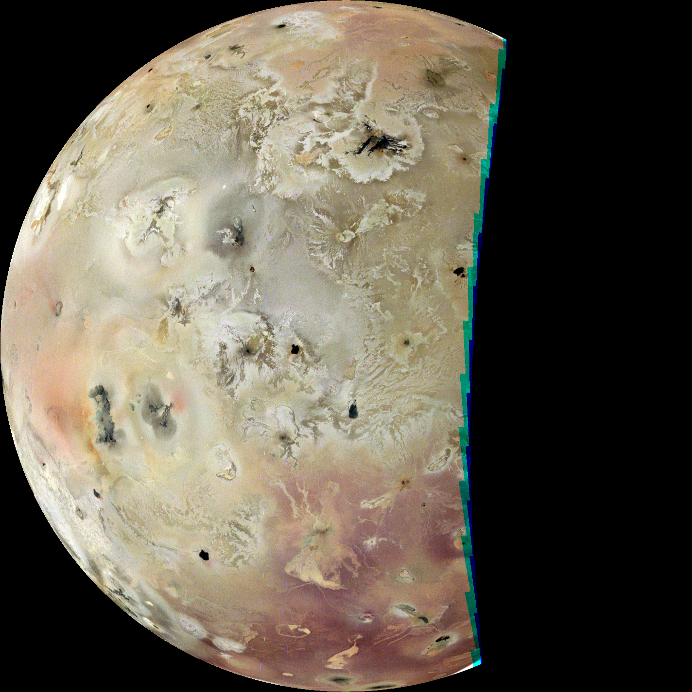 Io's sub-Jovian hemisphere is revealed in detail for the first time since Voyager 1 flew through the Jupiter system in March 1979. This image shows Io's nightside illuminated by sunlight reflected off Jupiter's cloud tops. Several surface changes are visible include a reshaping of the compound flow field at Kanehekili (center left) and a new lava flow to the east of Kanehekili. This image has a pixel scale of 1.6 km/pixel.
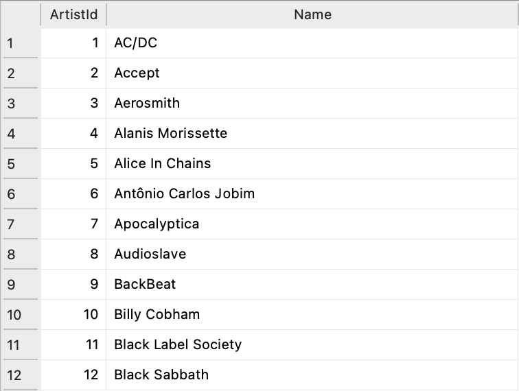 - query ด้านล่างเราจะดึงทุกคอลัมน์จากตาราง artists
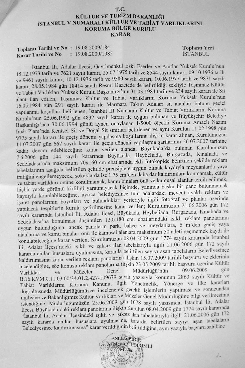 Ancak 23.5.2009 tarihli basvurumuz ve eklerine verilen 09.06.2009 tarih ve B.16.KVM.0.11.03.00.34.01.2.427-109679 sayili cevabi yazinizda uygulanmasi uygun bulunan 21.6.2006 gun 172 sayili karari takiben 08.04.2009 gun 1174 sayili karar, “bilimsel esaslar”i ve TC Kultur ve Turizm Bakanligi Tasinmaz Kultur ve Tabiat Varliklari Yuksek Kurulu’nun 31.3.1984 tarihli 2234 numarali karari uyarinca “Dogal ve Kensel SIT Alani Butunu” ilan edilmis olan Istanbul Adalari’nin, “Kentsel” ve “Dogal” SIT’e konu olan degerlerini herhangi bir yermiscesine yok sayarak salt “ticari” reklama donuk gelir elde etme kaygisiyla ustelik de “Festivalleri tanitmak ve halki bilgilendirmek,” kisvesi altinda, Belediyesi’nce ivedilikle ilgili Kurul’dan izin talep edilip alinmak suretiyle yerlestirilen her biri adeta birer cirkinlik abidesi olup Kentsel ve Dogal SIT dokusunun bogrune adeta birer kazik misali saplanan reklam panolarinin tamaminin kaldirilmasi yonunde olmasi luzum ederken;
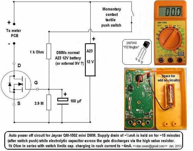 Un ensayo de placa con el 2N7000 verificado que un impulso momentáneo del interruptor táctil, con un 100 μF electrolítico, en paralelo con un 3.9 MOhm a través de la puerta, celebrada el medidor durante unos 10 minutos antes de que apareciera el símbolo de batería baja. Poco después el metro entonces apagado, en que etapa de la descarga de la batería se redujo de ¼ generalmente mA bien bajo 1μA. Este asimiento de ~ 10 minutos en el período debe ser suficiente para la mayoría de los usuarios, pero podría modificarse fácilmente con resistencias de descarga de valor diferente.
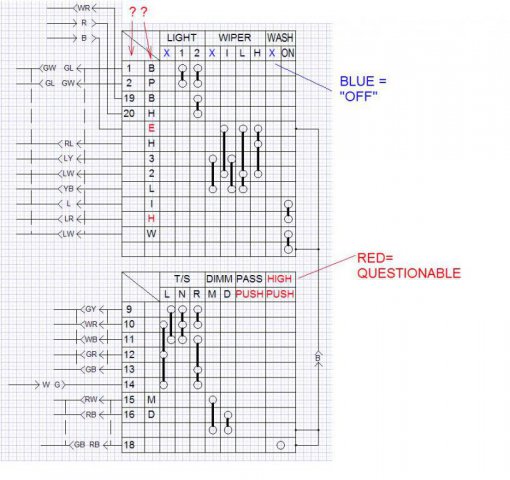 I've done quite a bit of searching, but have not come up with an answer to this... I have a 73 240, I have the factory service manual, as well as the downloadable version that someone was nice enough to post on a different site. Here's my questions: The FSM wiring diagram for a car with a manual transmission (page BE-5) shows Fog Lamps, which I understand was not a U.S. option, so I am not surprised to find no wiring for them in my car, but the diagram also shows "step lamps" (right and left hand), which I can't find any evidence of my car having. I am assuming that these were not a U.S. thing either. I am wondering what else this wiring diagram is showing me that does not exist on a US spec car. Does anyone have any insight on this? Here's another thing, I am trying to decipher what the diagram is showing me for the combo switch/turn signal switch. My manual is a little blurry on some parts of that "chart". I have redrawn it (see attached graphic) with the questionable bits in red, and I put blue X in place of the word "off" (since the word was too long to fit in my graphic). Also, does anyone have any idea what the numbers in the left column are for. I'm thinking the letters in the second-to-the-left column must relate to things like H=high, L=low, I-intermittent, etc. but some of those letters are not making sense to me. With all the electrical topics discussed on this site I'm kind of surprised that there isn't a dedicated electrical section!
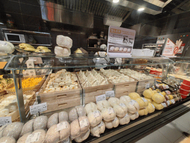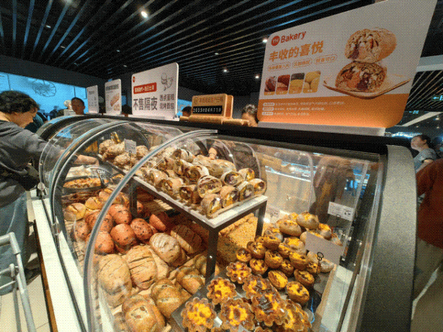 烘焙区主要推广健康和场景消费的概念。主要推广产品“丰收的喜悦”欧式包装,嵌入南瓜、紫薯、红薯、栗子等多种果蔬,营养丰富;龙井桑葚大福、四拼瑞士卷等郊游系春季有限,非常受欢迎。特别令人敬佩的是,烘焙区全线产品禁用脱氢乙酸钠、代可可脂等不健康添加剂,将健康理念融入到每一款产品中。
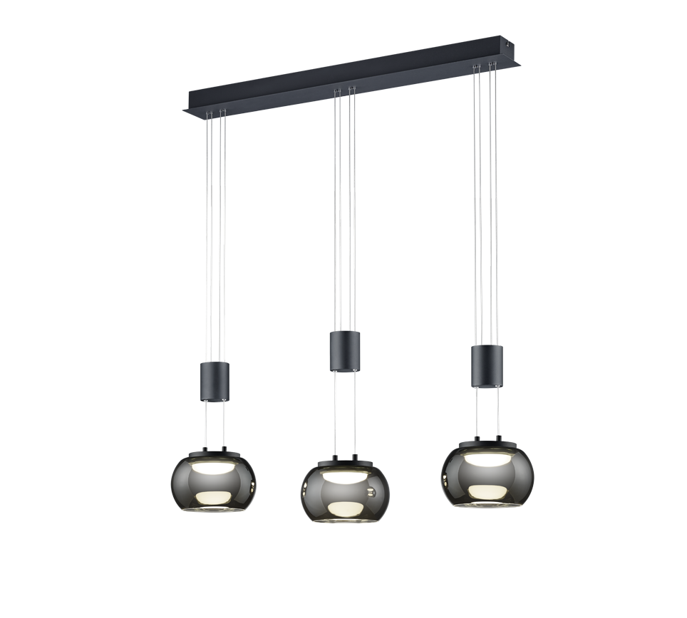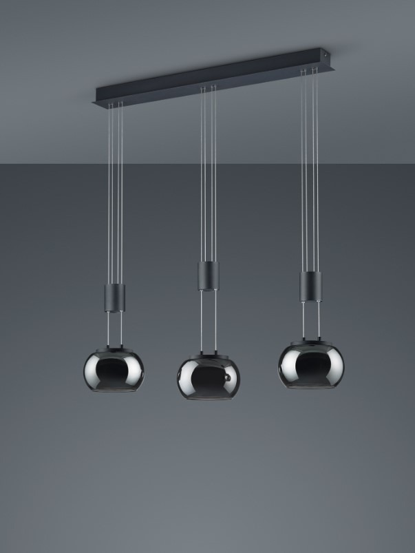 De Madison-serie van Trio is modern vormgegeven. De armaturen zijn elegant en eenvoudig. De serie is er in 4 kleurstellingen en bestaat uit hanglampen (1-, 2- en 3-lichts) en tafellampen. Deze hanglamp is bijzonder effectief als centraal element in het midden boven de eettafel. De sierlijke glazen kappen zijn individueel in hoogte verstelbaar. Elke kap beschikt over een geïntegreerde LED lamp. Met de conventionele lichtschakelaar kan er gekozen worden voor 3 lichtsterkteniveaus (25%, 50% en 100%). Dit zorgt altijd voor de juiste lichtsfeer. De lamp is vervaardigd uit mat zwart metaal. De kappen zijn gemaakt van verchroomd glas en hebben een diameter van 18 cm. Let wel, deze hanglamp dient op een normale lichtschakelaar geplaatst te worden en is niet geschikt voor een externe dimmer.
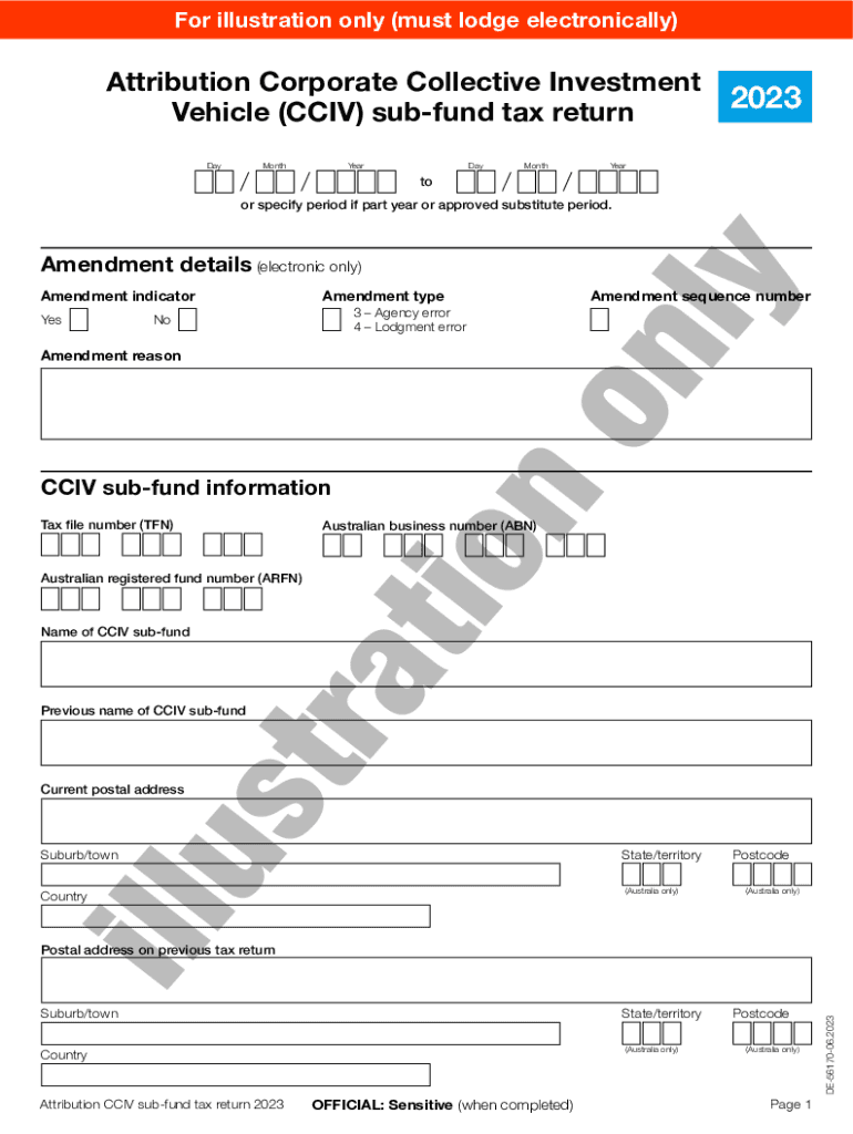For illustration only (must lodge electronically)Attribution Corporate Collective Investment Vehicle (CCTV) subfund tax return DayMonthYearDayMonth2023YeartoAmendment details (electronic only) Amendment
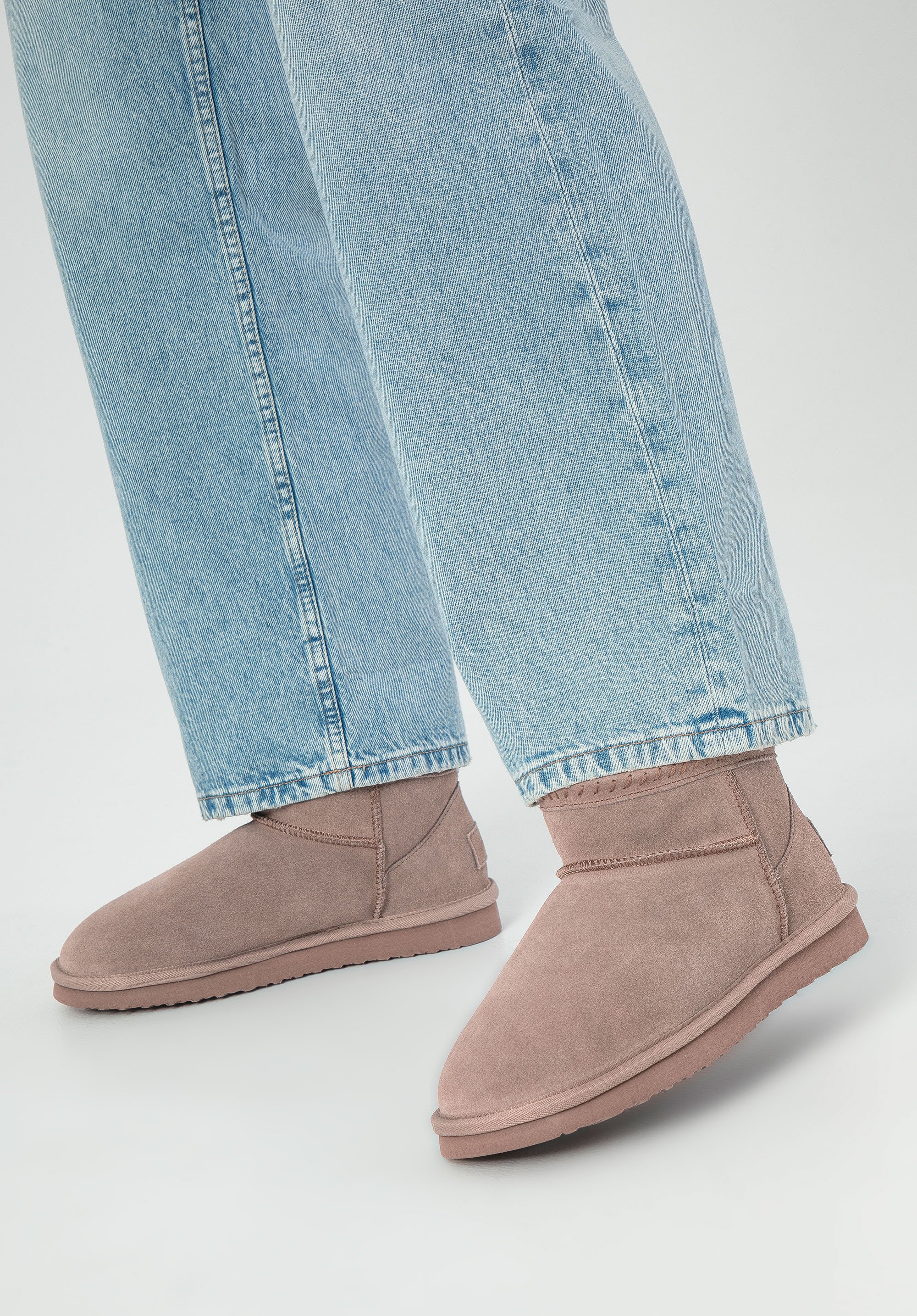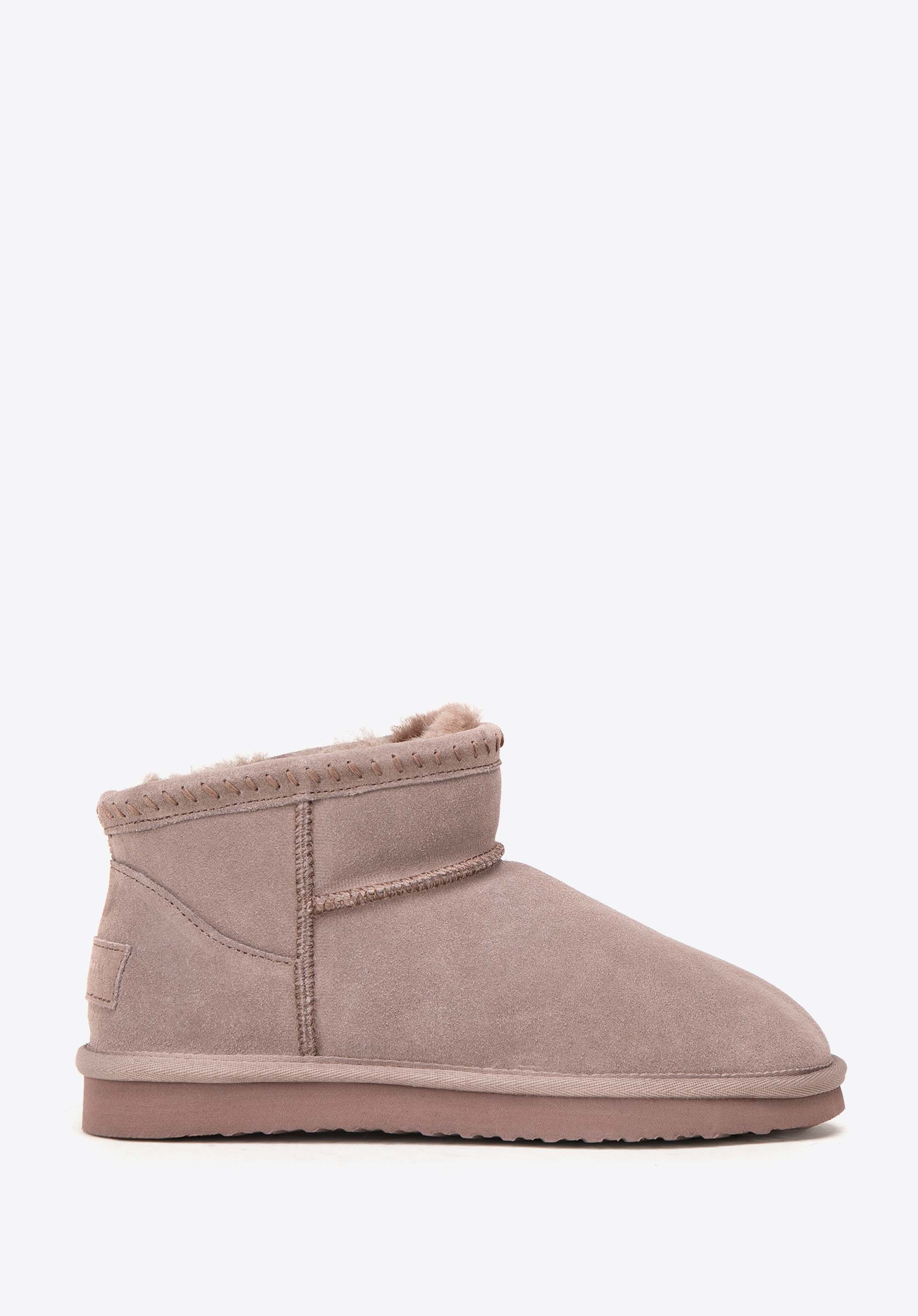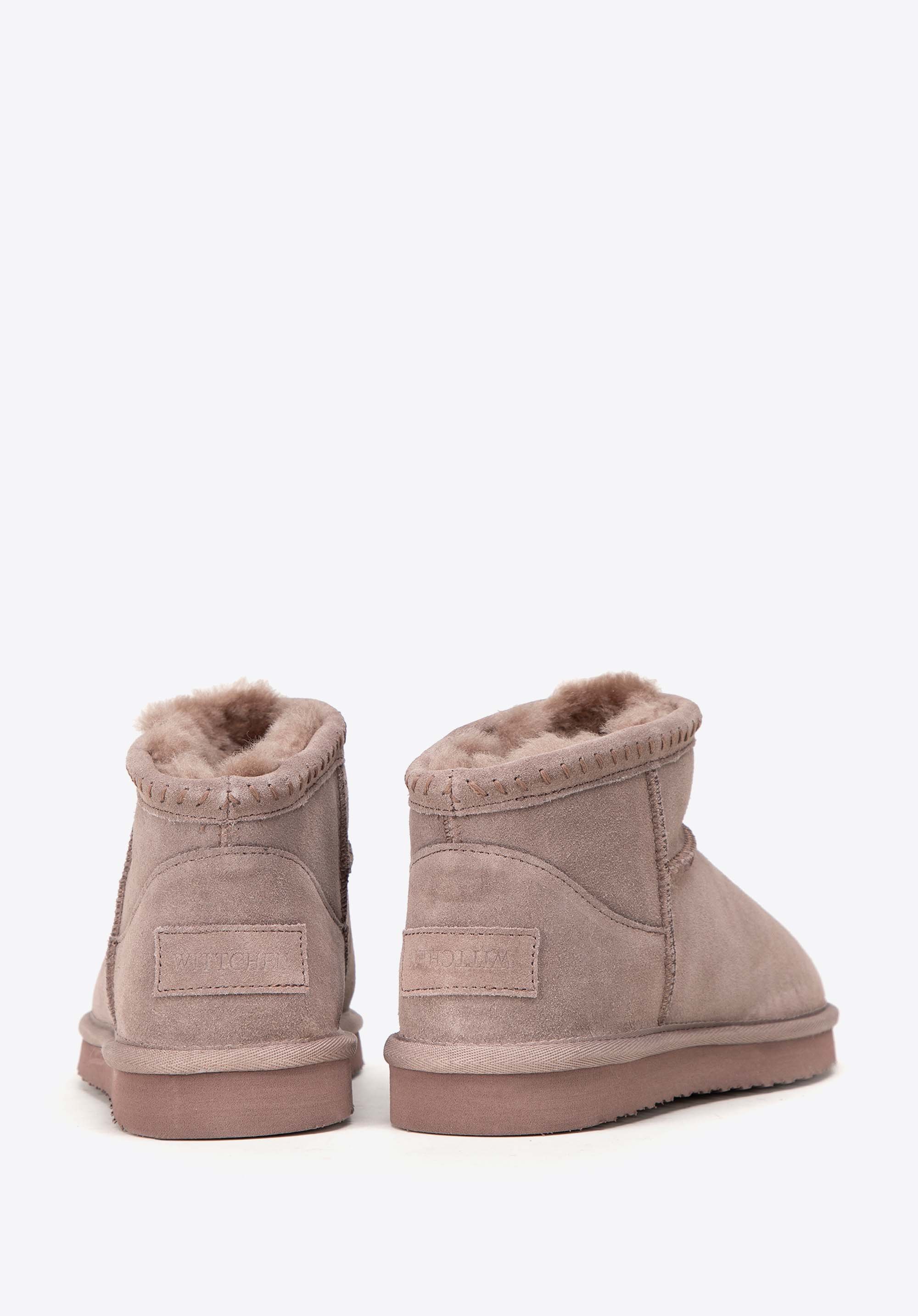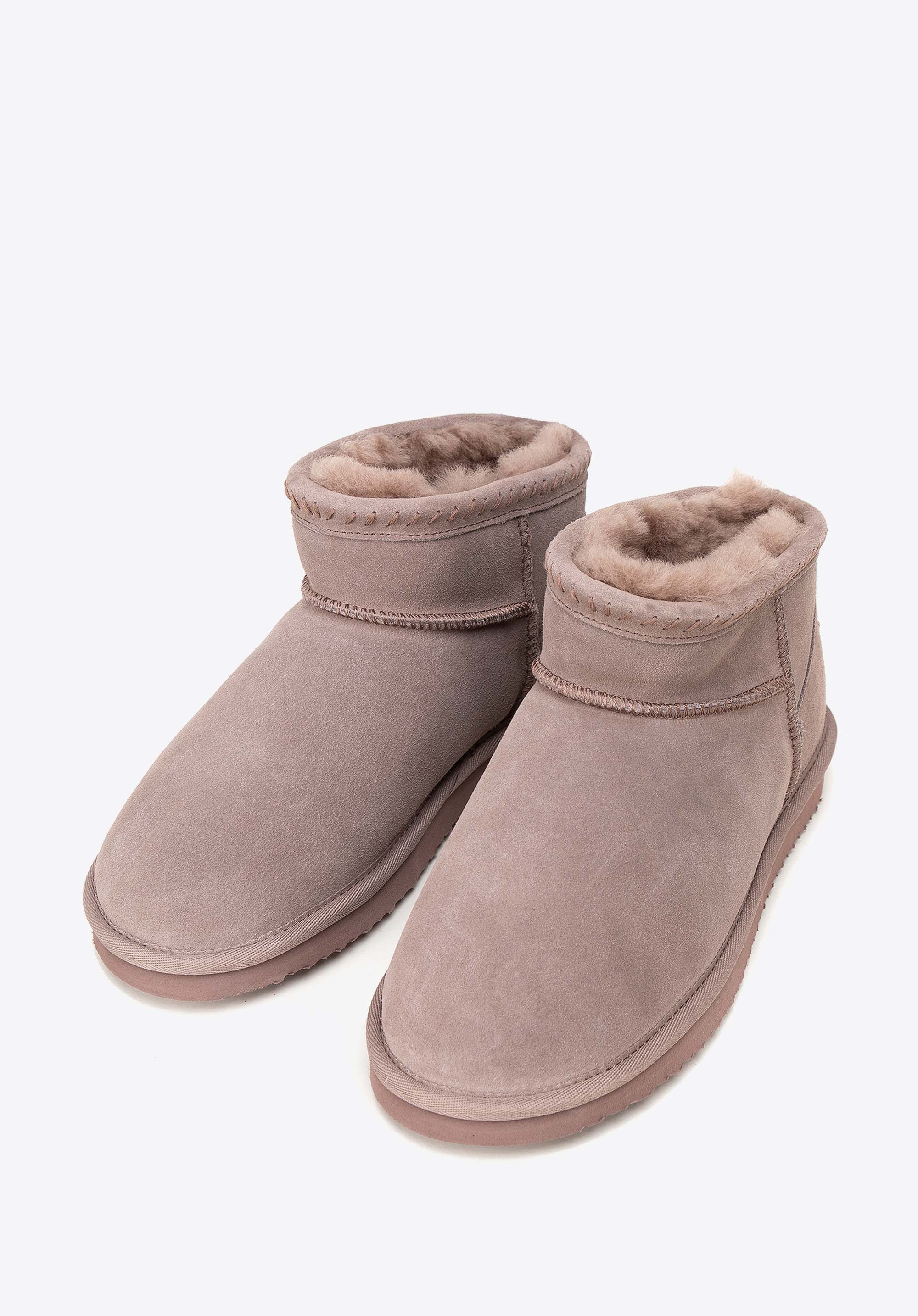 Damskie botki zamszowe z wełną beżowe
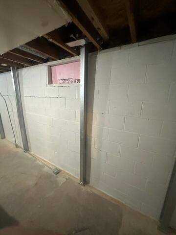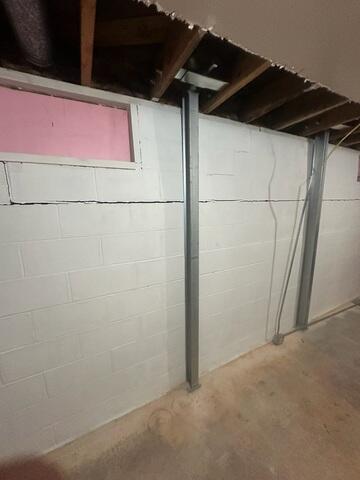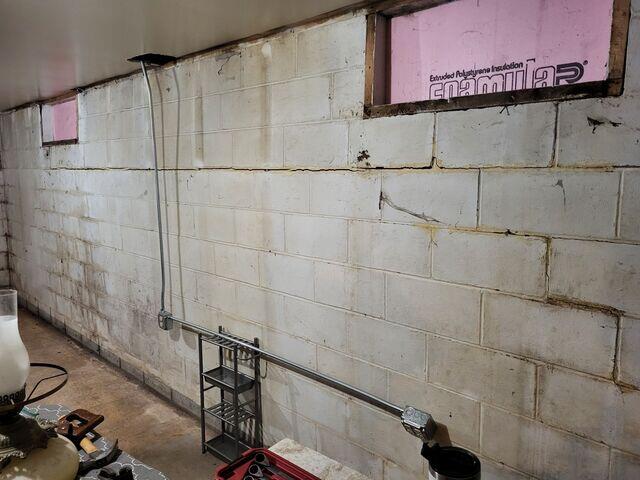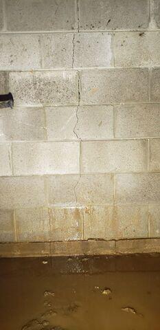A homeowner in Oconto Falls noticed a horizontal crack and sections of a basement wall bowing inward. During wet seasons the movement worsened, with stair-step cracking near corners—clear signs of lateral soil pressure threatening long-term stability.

WORK TASK: When the line containing "Damskie botki zamszowe z wełną beżowe" is reached, write out that line and each one after it exactly, ending with the last line of the records; pictures are not copied.

WRITTEN REPLY:
 Damskie botki zamszowe z wełną beżowe
A homeowner in Oconto Falls noticed a horizontal crack and sections of a basement wall bowing inward. During wet seasons the movement worsened, with stair-step cracking near corners—clear signs of lateral soil pressure threatening long-term stability.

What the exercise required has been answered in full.